"Zapchyol" a suprising second

  • 2002-10-10
  • Steven C. Johnson
RIGA

It's Saturday morning at a bustling Riga market, and a 40-something produce saleswoman dispenses a pithy piece of civic advice with each batch of tomatoes and cucumbers she sells.

"Vote zapchyol, only zapchyol," she says, using the Russian acronym of For Human Rights in a United Latvia, the party that many Russians here regard as the only one that defends their interests.

Most of her customers nod knowingly. "They care about Russians," says Larissa, 42. "They support our right to send our children to Russian schools."

Drawing heavily on such support, For Human Rights, a bloc that actually contains three left-wing groups, won nearly 19 percent of the vote in the Oct. 5 election and 24 seats in the 100-seat Saeima (Latvia's parliament), up from their current share of 16.

Russian-speakers make up roughly 35 percent of Latvia's 2.4 million people. They are most heavily concentrated in Riga and the eastern region of Latgale, where For Human Rights won the biggest share of the vote. The party finished second overall behind the center-right New Era, which won 26 seats.

Party leader Janis Jurkans said most Russian-speakers felt neglected by the state and angry at a decade's worth of broken promises and policies that he says are aimed at assimilation.

For many, Latvia's decision to require Russians who moved to the country during Soviet times to sit language and history tests to win citizenship still rankles.

Now they feel betrayed by the state's refusal to allow non-citizens to vote in local elections and a law that requires minorities to attend Latvian-language schools by 2004.

"We are the only party that consistently advocates respect for minority rights," said Boris Cilevics, a For Human Rights lawmaker in the outgoing Parliament.

While the party does not challenge the existence of Latvian as the official language, it advocates giving Russian similar status in areas heavily populated by Russian-speakers and urges relaxed citizenship and education laws.

The party certainly draws on support from older Russians, many of whom are non-citizens and cannot speak Latvian.

But its numbers show its appeal is wider than that. More than 80 percent of minorities said in 2001 they could speak Latvian, up from just 29 percent a decade earlier.

"I'm a perfect example," said Cilevics. "I speak fluent Latvian, but I expect my state to respect my identity."

"I voted for them because they are for a two-language system and equal rights for everybody," said Dana Romanuka, 21. "I don't think any other party cares at all about such things. They don't even admit that Russians live here."

Nils Muiznieks, director of the Riga-based Center for Human Rights and Ethnic Studies, said For Human Rights' success was a sign of "the utter failure of most parties to reach out to Russian-speaking voters."

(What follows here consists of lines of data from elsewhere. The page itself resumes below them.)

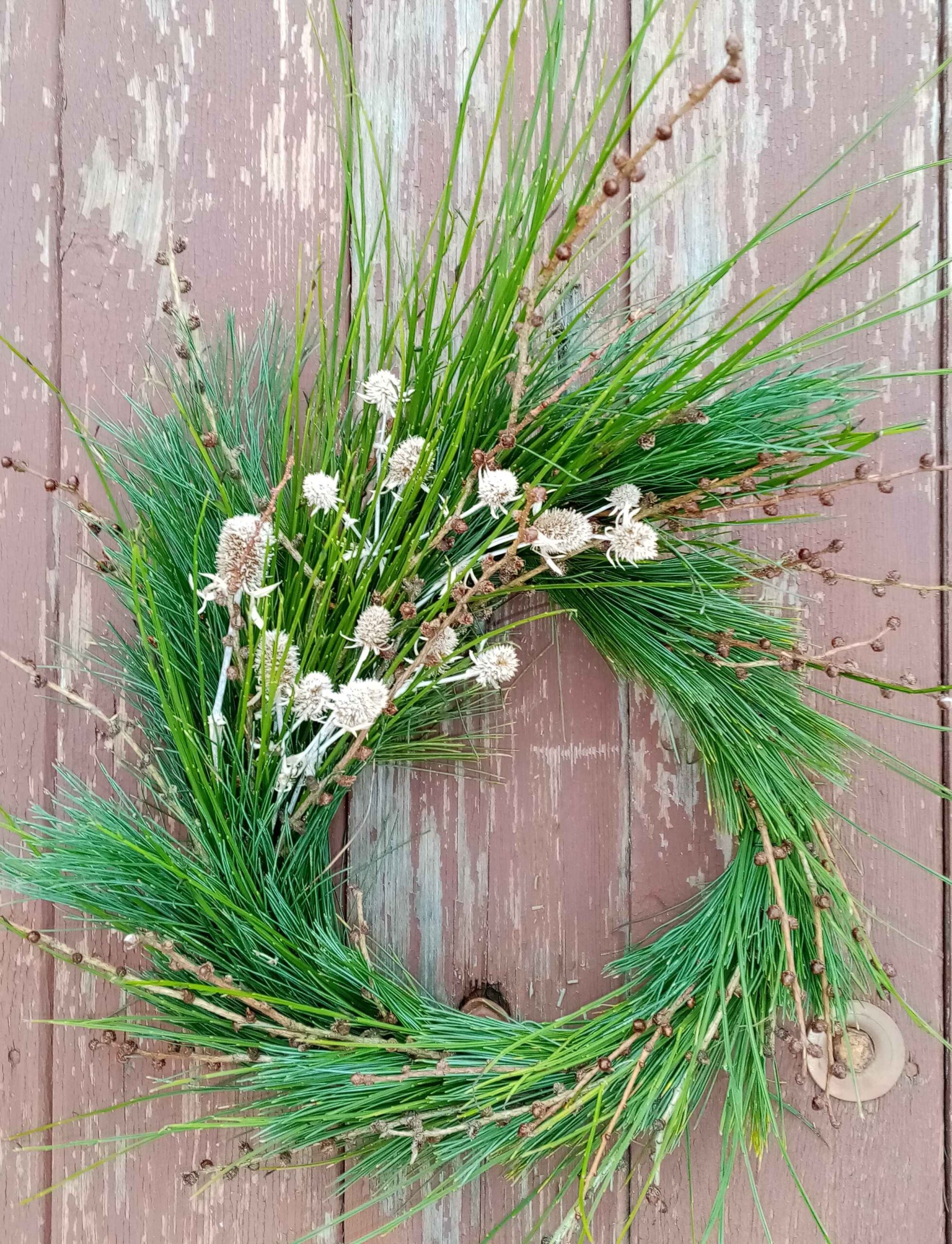 Asimetrisks dekors- vainags durvīm, izgatavots no dabīgiem materiāliem.
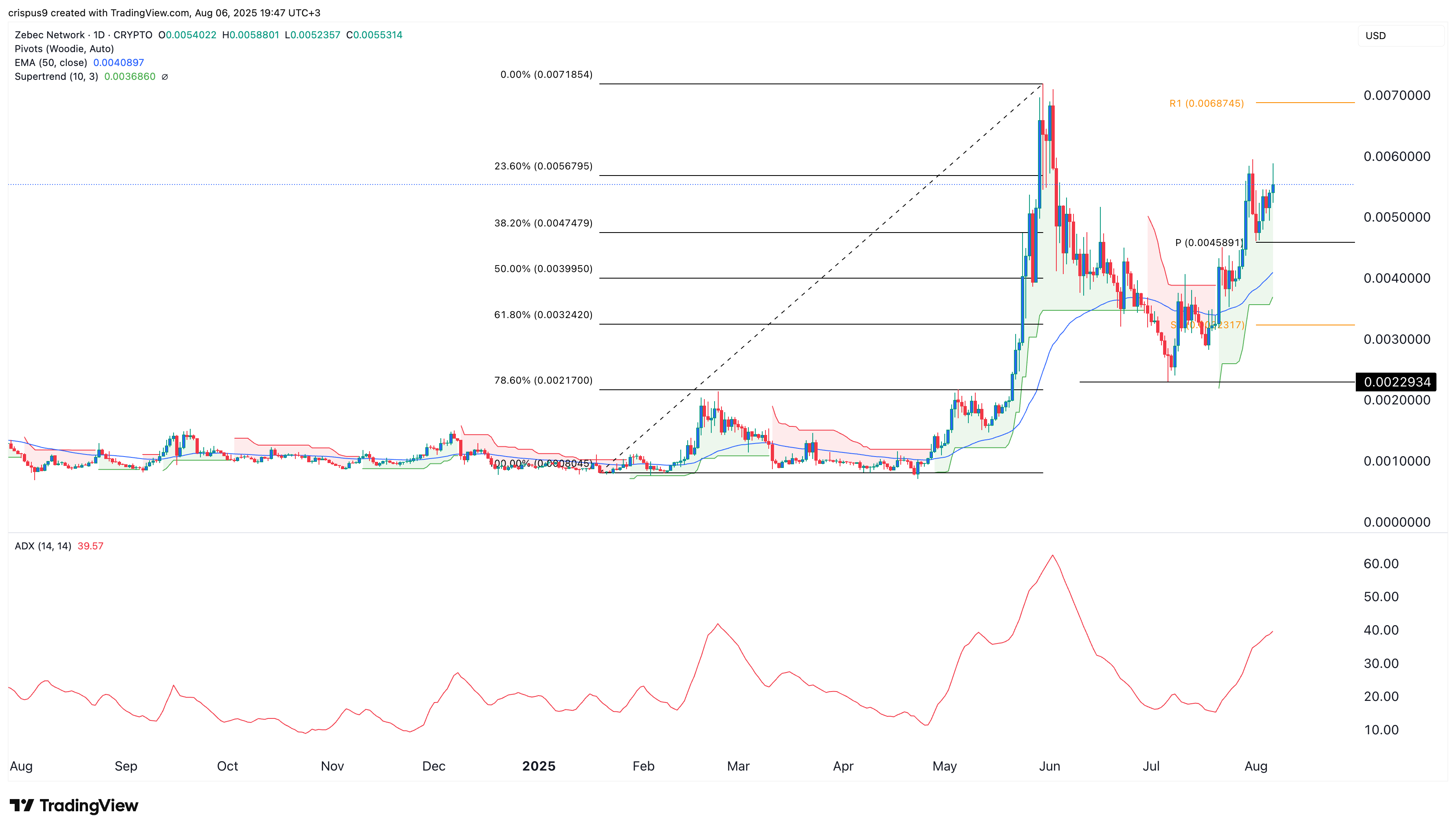 The daily timeframe chart shows Zebec Network has been in strong upward momentum after bottoming at $0.00229.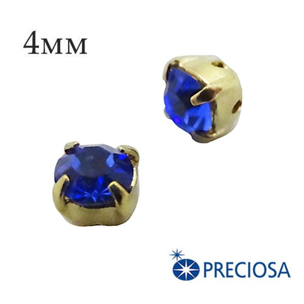 Шатоны в оправе PRECIOSA MAXIMA ss-16 (4 мм), цвет Sapphire/gold, 12 штук/упаковка, Чехия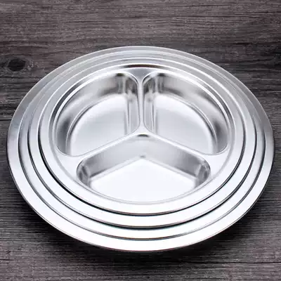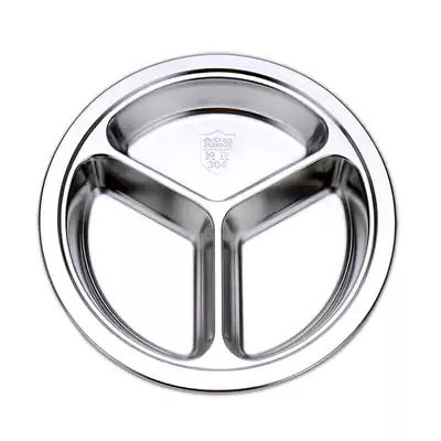 304 thickened stainless steel dinner plate round dinner plate primary school kindergarten children baby three or four grid dinner plate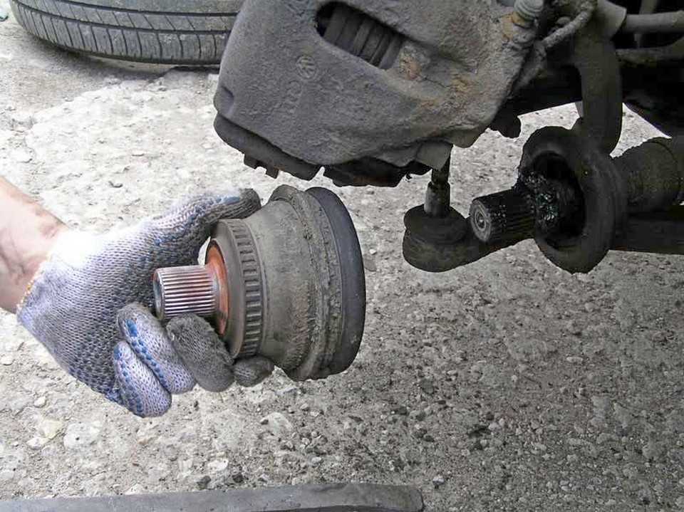 - Проверьте прочность посадки вала в коробке передач, потянув за корпус ШРУСа.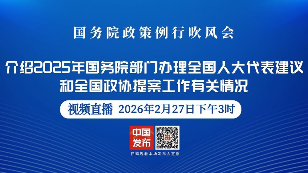 国务院新闻办公室将于2026年2月27日(星期五)下午3时举行国务院政策例行吹风会,请科学技术部党组成员、秘书长潘晓东,农业农村部国家首席兽医师(官)、计划财务司司长陶怀颖,商务部副部长鄢东,国家市场监督管理总局副局长、国家标准化管理委员会主任邓志勇和国务院新闻办公室新闻发言人介绍2025年国务院部门办理全国人大代表建议和全国政协提案工作有关情况,并答记者问。
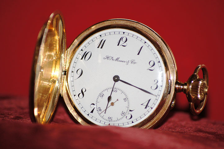 Фирма Н. Moser & Cie. Карманные часы в золотом корпусе с золотой цепью. На всех деталях из золота отчеканена проба 14К56, круглые, идеальных пропорций. Они не слишком велики и не слишком малы. Вес часов 92 грамма и цепь 30 грамм. Ориентировочное время изготовления часов 1900-1910 г.г. На часах имеется номер №132238. Четко показывают часы, минуты и секунды (фактическая точность хода не более 1 сек в сутки). 3 крышки и 19 видимых оттисков проб и другой идентификации.Часы в отличном состоянии. Корпус - 52 мм в диаметре, длина цепочки - 30 см.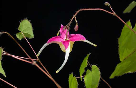 春の開花ラッシュも盛りを迎え、イカリソウもこれに参戦しました。一番乗りしたのは今年も「楊貴妃」でした。昨年より21日早い開花です。例年だとこの品種が出番を迎える頃には、雪割草は殆ど花を終えているのですが、今年の雪割草は6割ほどが未開花です。事程左様に今年の花(注:山野草に限る)の咲き時は、極端にぶれる傾向が見られます。 さて本題の「楊貴妃」ですが、今年の1番花も中々の美形です。赤い萼片と淡い黄色の流れる様な”距”を同時に捉えられるのはこの角度がベストだとワタクシは考えています。人間をこうして眺めてしまうと、痴漢、変態扱いされるのが避けられませんが、花子さん達に対してはお許し願いたいものです。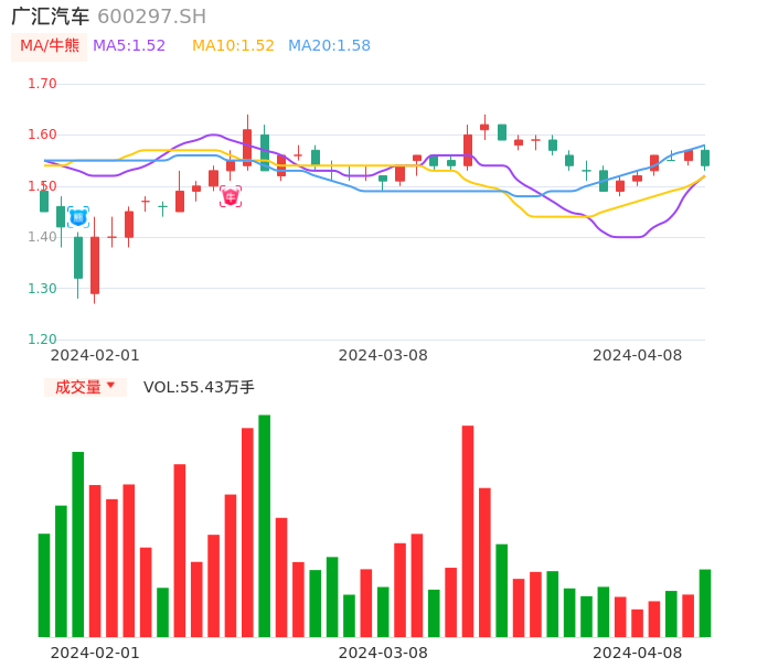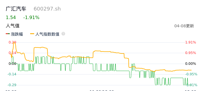 04月08日,广汇汽车收报1.54,股价涨幅-1.91%,成交金额8649.91万元,换手率0.68%。

Most are reluctant to court them, he says, for fear that it will cost them support among their Latvian constituents.

Many see the failure of the Social Democrats to win seats in Parliament as punishment for forming a coalition in the Riga City Council with For Human Rights.

"For a national party, it's political suicide to join a coalition with Jurkans," said Arno Pjatkins, spokesman for the center-right People's Party that finished third in the election. "It's important to remember that some people in that party were against Latvian independence. That matters to voters."

Jurkans' credentials as a member of the anti-Soviet Popular Front and his subsequent turn as foreign minister from 1990 to 1992 are indeed spoiled for many by his party colleagues. Among the most objectionable to many Latvians is ex-Riga Mayor Alfreds Rubiks, an unrepentant communist who was convicted of treason for backing the 1991 hard-line coup aimed at preserving the Soviet Union.

And even after his party's most impressive showing at the polls, numbers do not necessarily mean power. None of the other five parties who will comprise the next Parliament says it will cooperate with For Human Rights.

"We are right-, they are left-wing and they are exploiting the Russian theme," said Einars Repse, head of New Era and the favorite to be the next prime minister. "Their activities are sometimes absolutely contrary to the integration process."

But it is this process that Alex Krasnitsky, an editor at the Russian-language daily Chas, says most Russian-speakers find objectionable.

"Russians are never asked how they think integration should work, they are simply told, you must learn Latvian, you must give up Russian-language schools," he said. "The problem is nobody thinks in terms of win-win. They assume that the only way to strengthen Latvian, which is a legitimate goal, is to weaken Russian."

Jurkans rejects speculation that he and some of the more moderate members of For Human Rights will break away from Rubiks and others.

"We're all former Soviet people, and we need to integrate, not push people away," he said. "The Russians in this country are our Russians, and we have to take care that they don't become Russia's Russians."

But some say Jurkans' brightest moment heralds the start of the party's long, slow decline. After another four years in opposition and a decline in the pension-age segment of its constituency, the party may look back on 2002 as the year it peaked.

"I just don't see it," said political science professor Daunis Auers when asked about the party's long-term viability and chances of entering government. "I think they'll remain an isolated and ineffectual opposition."